DESCRIPTION OF THE TASK ->
Please repeat only the lines below starting at the line that holds "四轴消防灭火无人机,载重量大" and ending at the line that holds "Bottenbeslagen monteras också", exactly, with both of those lines included and every picture omitted.

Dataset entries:
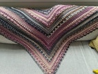 Sjal, Hjemmehæklet skal, Hjemmehæklet, str. Ole sine, Grå og lyngfarvet , Uld , Ubrugt, Smukt hjemmehæklet sjal i uld i grå og lilla/lyngfarve. Aldrig brugt.
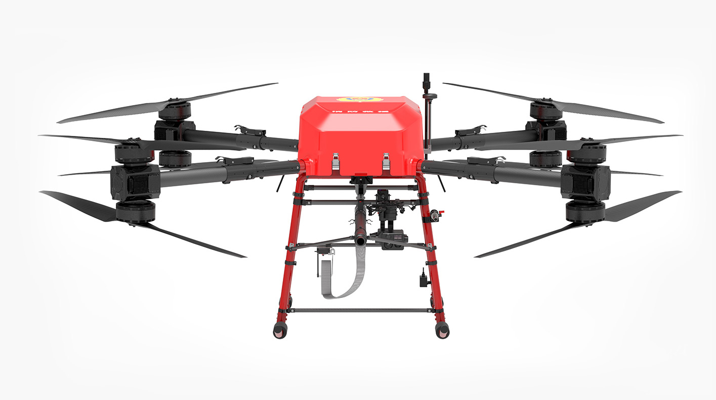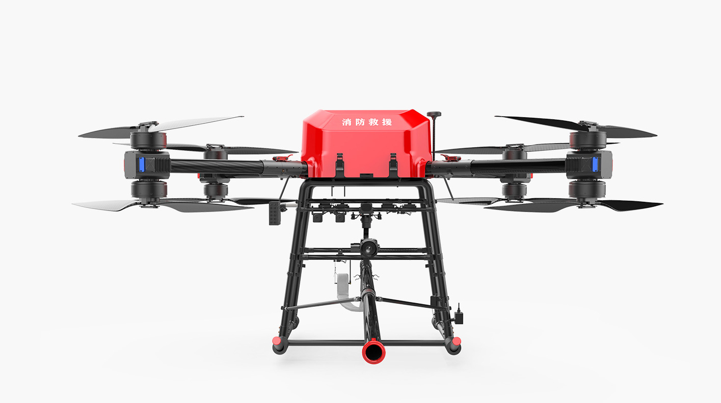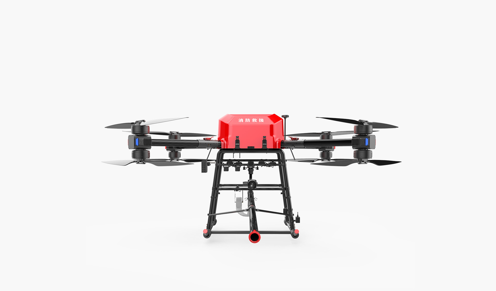 四轴消防灭火无人机,载重量大、抗风能力强、抛撒精度高,可以近距离喷洒灭火干粉。最大负载可达60KG,空载飞行时间可达60分钟。支持挂载多种装配,包括30倍变焦相机、干粉灭火罐、抛投灭火弹、喷水灭火、探照灯、喊话器等。
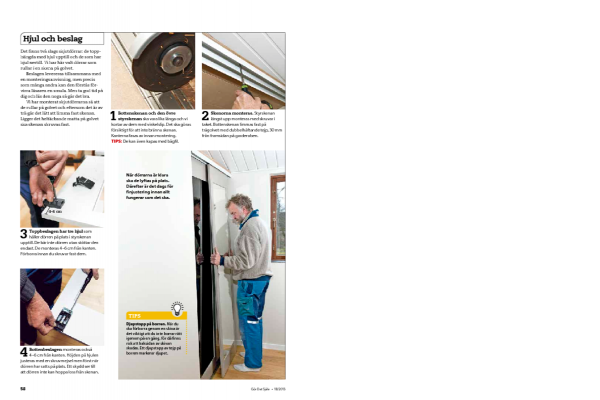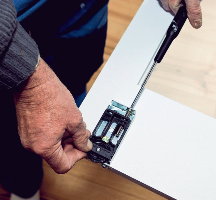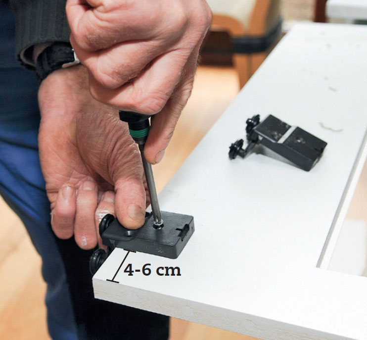 Bottenbeslagen monteras också 4-6 cm från kanten. Höjden på hjulen justeras med en skruvmejsel men först när dörren har satts på plats. Ett skydd ser till att dörren inte kan hoppa loss från skenan.
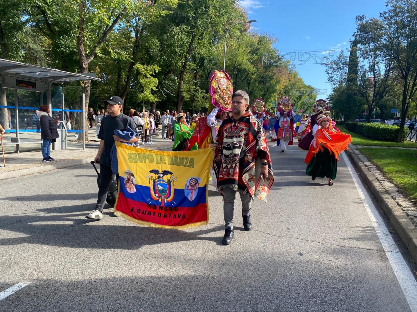 El desfile se ha desarrollado desde el Centro Cultural La Vaguada y a lo largo de la avenida de Monforte de Lemos, hasta llegar al templete del parque de la Vaguada, donde los grupos Sangre Ecuatoriana (Ecuador), Compañía de danzas Perú Místico (Perú), Grupo Sentimiento Nacional (Venezuela) y Arte Colombiano (Colombia), integrados por personas residentes en Madrid, han interpretado cánticos y bailes de géneros musicales de sus distintos países, ataviados son atuendos regionales. /
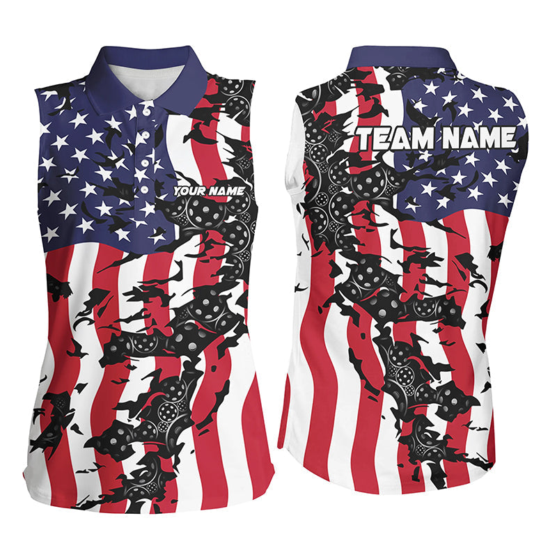 American Flag Custom Pickleball Team Shirts For Women, Patriotic Pickleball Jerseys IPHW6980
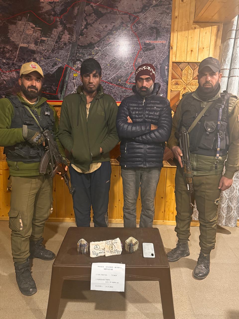 سری نگر پولیس کی طرف سے تحصیل آفس سنٹرل شالٹینگ کے سامنے NHW پر قائم ایک ناکہ پر، زیر نمبر JK18-2323 والے ایک ٹرک کو دو افراد کے ساتھ روکا گیا۔ ان کی شناخت تجمل رفیق ولد محمد رفیق ساکنہ کنڈی ٹنگدھر اور منظور احمد خان ولد جلال الدین خان ساکنہ ہیامہ کپواڑہ حال پالپورہ نورباغ سری نگر کے طور پر کی گئی ہے۔ تلاشی کے دوران ان کے قبضے سے 14 گرام براؤن شوگر اور 34,000 روپے کی نقد رقم (جس کا خیال ہے کہ منشیات سے حاصل کیا گیا) برآمد کیا گیا ہے۔ انہیں گرفتار کر لیا گیا ہے اور جرائم میں استعمال ہونے والی گاڑی بھی ضبط کر لی گئی ہے۔
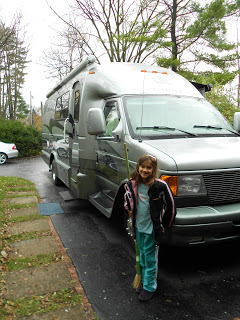 I drove the coach up north, and we had a cozy camp-out in the driveway. No need for a hotel or restaurant when all the luxuries are in one park-able package.
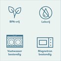 Les joints creux en silicone dans le couvercle garantissent que le pot de yaourt est 100 % étanche à l'air et à l'eau. Les produits (liquides) peuvent être stockés et transportés sans fuite et restent frais pendant des jours de plus.
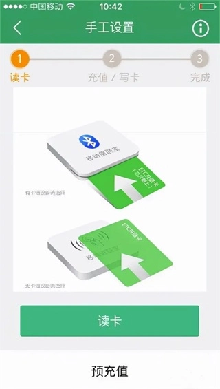 2、若手机不具备NFC功能,可选购移动信联宝盒子或读卡器(请通过正规ETC网点购买)。打开手机中的“高速ETC”应用,同时开启手机蓝牙功能与读卡设备,随后将ETC卡插入或放置于移动信联宝(读卡器)上,在手机端点击“圈存”即可启动写卡操作。

COMPLETED EXERCISE ->
 四轴消防灭火无人机,载重量大、抗风能力强、抛撒精度高,可以近距离喷洒灭火干粉。最大负载可达60KG,空载飞行时间可达60分钟。支持挂载多种装配,包括30倍变焦相机、干粉灭火罐、抛投灭火弹、喷水灭火、探照灯、喊话器等。
 Bottenbeslagen monteras också 4-6 cm från kanten. Höjden på hjulen justeras med en skruvmejsel men först när dörren har satts på plats. Ett skydd ser till att dörren inte kan hoppa loss från skenan.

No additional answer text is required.